Researchers in the areas of dynamical systems and control have approached hybrid systems from a ``continuous state space and continuous/discrete time'' point of view. In recent years we have developed a methodology for designing controllers for large scale systems, making use of techniques from game theory and optimal control ([4], [9]. [37], [8]). In this approach, we note that two factors affect the system evolution at this level. The first is the control, and the second is the disturbances that enter the system, over which we assume no control. We distinguish three classes of disturbances: exogenous signals, such as unmodeled forces, sensor noise, etc.; unmodeled dynamics, and actions of other agents, in a multi-agent setting. Disturbances of the first two classes are standard in a single agent setting, but the third class is the most interesting one from the point of view of hybrid control. Acceptable performance can be encoded by means of thresholds on certain cost functions. Our objective is to derive a continuous design for the control inputs that guarantees performance despite the disturbances. If it turns out that the disturbance is such that the specifications cannot be met for any controller, the design fails. The only way to salvage the situation is to somehow limit the disturbance, and for disturbances involving actions of other agents, this may be possible by means of communication and coordination between the agents. Thus, our approach to hybrid controller design consists of determining continuous control laws and conditions under which they satisfy the closed loop requirements. Then, a discrete design is constructed to ensure that these conditions are satisfied.
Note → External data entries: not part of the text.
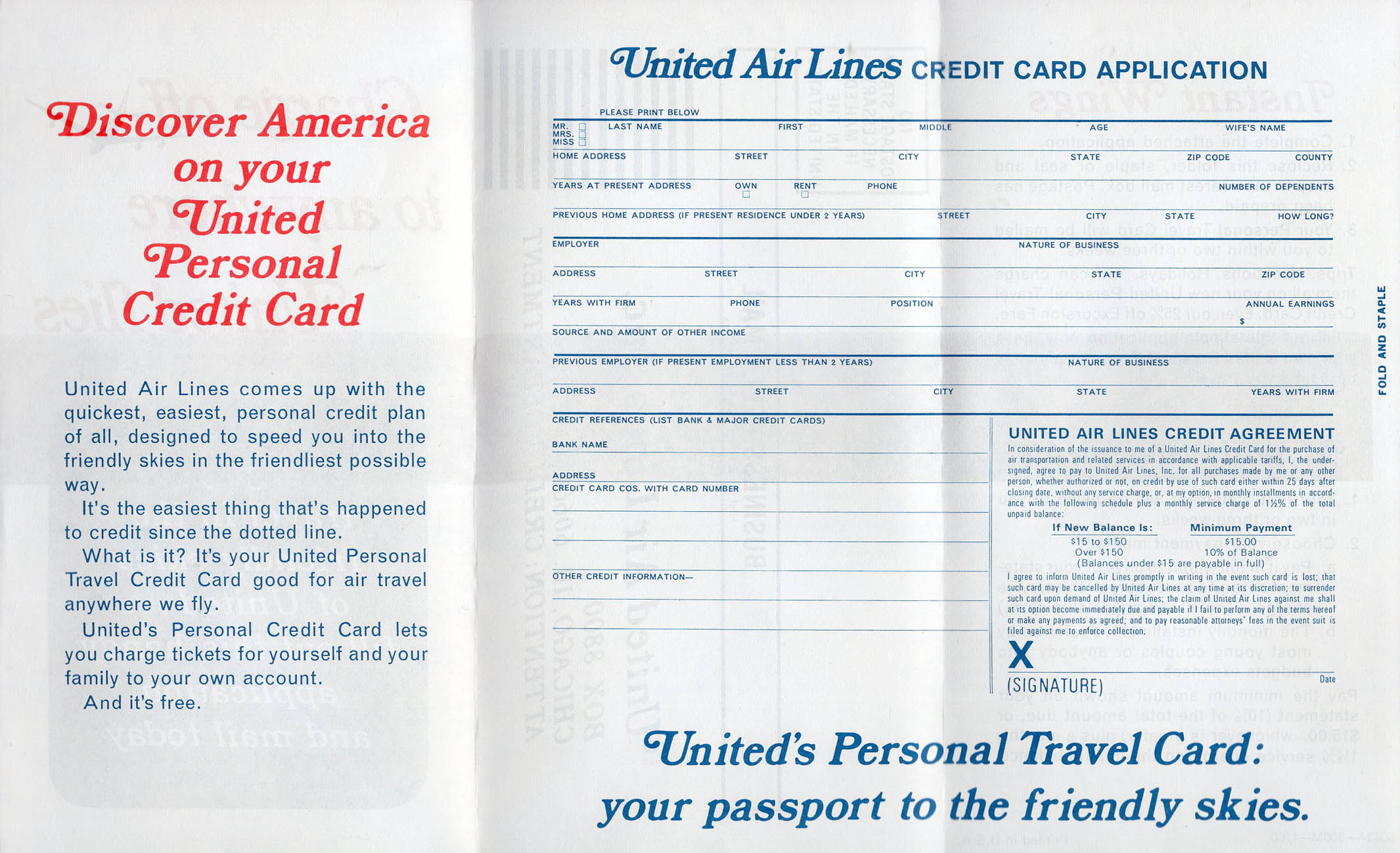 United Air Lines addressed envelope and matcvhing letter with tri-fold United Air Lines Credit Card application
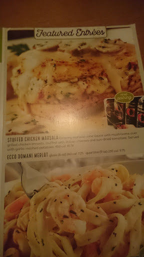 I like this spot cause theres plenty of parking and try get you seated quickly. The food is good and they serve wine here too. I really like the salad and bread at Olive Garden because theyre fresh and endless. The only thing Im not crazy about is the lack of a healthy alternative menu so you have to read the menu and make your choice.
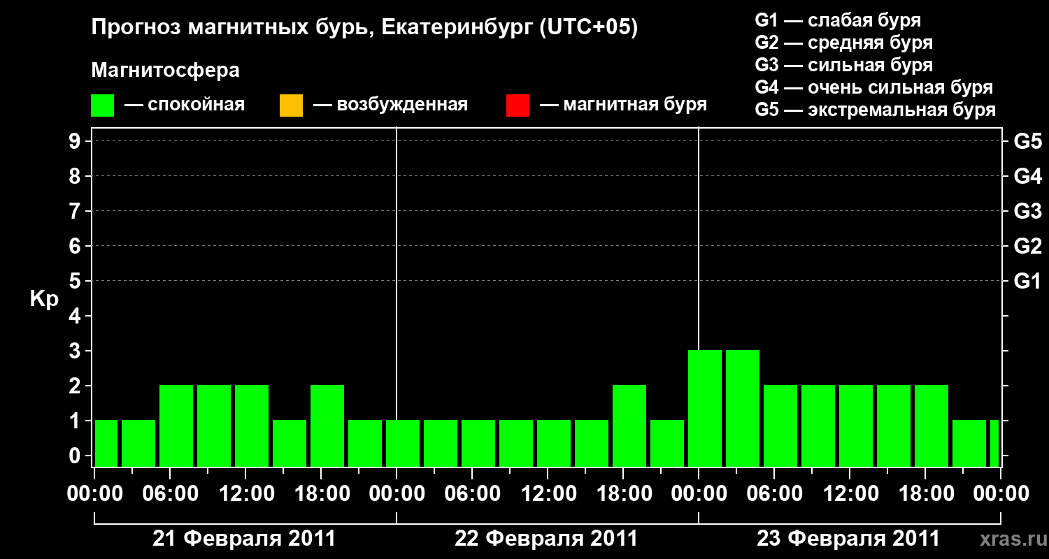 Прогноз магнитных бурь в Екатеринбурге — 21 февраля 2011 года
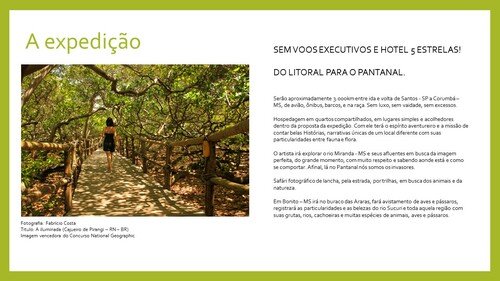 O artista irá explorar o rio Miranda - MS e seus afluentes em busca da imagem perfeita, do grande momento, com muito respeito e sabendo aonde está e como se comportar. Afinal, lá no Pantanal nós somos os invasores.
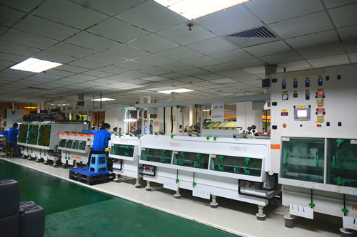 參訪團(tuán)后走訪了珠海鎮(zhèn)東有限公司。珠海鎮(zhèn)東成立于1999年1月1日,公司的核心產(chǎn)品是印制電路板制造用陶瓷刷輥、不織布刷輥、尼龍針?biāo)⑤仭⒒鹕交宜⑤仯硗膺€有光學(xué)級曝光玻璃、全系列各類刷板機(jī)系統(tǒng)(21刷/17刷/13刷/9刷/8刷/4刷/2刷/1刷<以及薄板、厚板>)、砂帶研磨機(jī)、銅粉過濾機(jī)、真空絲印機(jī)和匹配型塞孔油墨/樹脂等線路板制造用相關(guān)設(shè)備及物料, 并為廣大客戶提供真空絲印塞孔、研磨的代工服務(wù)。在珠海鎮(zhèn)東的生產(chǎn)車間內(nèi),各生產(chǎn)設(shè)備正在正常運(yùn)行,工人們有條不紊地調(diào)整著設(shè)備參數(shù)。據(jù)總經(jīng)理趙其平介紹,2016年開工大吉,訂單量穩(wěn)中有升,今后將繼續(xù)提升企業(yè)的科研實(shí)力,以優(yōu)質(zhì)的產(chǎn)品服務(wù)客戶、為客戶創(chuàng)造價值。
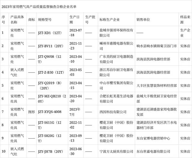 2023年度鹽城市市場監(jiān)督管理局委托南京市產(chǎn)品質(zhì)量監(jiān)督檢驗院(南京市質(zhì)量發(fā)展與先進技術應用研究院)組織實施家用燃氣具產(chǎn)品市級監(jiān)督抽查。本次抽查計劃10批次,抽到10批次,經(jīng)檢驗合格10批次。

We have successfully applied these techniques to a number of problems [4] discusses the application of these ideas to the automated highway example, and [7], [37] discusses the application to the air traffic management system application. [5] discusses the application of the game theoretic methodology to flight management systems for UAVs and other single-agent systems. We are primarily interested in control problems where multiple requirements are imposed on the design. This is usually the case for most realistic systems. For example, when dealing with completely discrete systems the requirements usually considered are those of safety (typically encoded by requirements over the finite runs of the system) and liveness or fairness (typically encoded by requirements over the infinite runs). For conventional control problems, on the other hand, the requirements considered are usually safety (encoded by stability or constraints on the system trajectories) and efficiency (the requirement for small inputs or bounds on the speed of convergence). In such a multi-objective setting some of the requirements are usually assumed to be more important than others, either explicitly or implicitly. The priority is important from the point of view of controller synthesis however, as one would like to ensure that the higher priority specifications are not violated in favor of the low priority ones. This observation implicitly restricts the possible choices of the controllers that can be used to satisfy the lower priority specifications. Ideally one would like to be able to classify the controllers that guarantee the high priority specifications and attempt to optimize the system performance with respect to the lower priority ones within this class.
Our research on the application of games and optimal-control ideas to hybrid design and verification will focus on efficient numerical algorithms, for the computation of safe sets, and synthesis procedures. In addition, currently extensive designer input is needed during the controller design, verification, or abstraction process. Thus, we will work on techniques for partially automating the process. Our approach is best suited to address questions of ``reachability'' (safety). Reachability problems can usually be cast as pursuit evasion problems in the gaming framework. Extensions to other important questions such as liveness and performance will also be addressed on this project. In addition, the ``deterministic'' synthesis tools discussed here sometimes give conservative results, because of their worst-case or minmax nature. In the research proposed in this project, we will discuss softening of these methods to ``probabilistic'' synthesis techniques.